* [What is needed]: Take the listing below and print exactly the lines starting at the line containing "BRM – Racing" and ending at the line containing "I am seriously", both ends included, and no others.

* [Records for this exercise]:
________

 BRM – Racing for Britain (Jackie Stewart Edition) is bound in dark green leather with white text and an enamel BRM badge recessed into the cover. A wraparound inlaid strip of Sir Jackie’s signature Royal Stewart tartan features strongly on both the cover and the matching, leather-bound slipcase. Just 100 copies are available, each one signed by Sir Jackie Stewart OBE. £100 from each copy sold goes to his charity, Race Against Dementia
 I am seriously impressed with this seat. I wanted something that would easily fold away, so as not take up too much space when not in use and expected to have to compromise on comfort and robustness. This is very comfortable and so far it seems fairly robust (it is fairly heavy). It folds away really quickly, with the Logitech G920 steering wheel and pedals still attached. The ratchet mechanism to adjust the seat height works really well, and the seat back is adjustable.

________

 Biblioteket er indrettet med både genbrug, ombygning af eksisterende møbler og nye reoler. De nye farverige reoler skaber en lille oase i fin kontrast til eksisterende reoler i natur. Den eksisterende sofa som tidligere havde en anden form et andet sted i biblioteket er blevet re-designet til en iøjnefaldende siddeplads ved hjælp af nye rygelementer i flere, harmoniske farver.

________

* [Task result]:
 BRM – Racing for Britain (Jackie Stewart Edition) is bound in dark green leather with white text and an enamel BRM badge recessed into the cover. A wraparound inlaid strip of Sir Jackie’s signature Royal Stewart tartan features strongly on both the cover and the matching, leather-bound slipcase. Just 100 copies are available, each one signed by Sir Jackie Stewart OBE. £100 from each copy sold goes to his charity, Race Against Dementia
 I am seriously impressed with this seat. I wanted something that would easily fold away, so as not take up too much space when not in use and expected to have to compromise on comfort and robustness. This is very comfortable and so far it seems fairly robust (it is fairly heavy). It folds away really quickly, with the Logitech G920 steering wheel and pedals still attached. The ratchet mechanism to adjust the seat height works really well, and the seat back is adjustable.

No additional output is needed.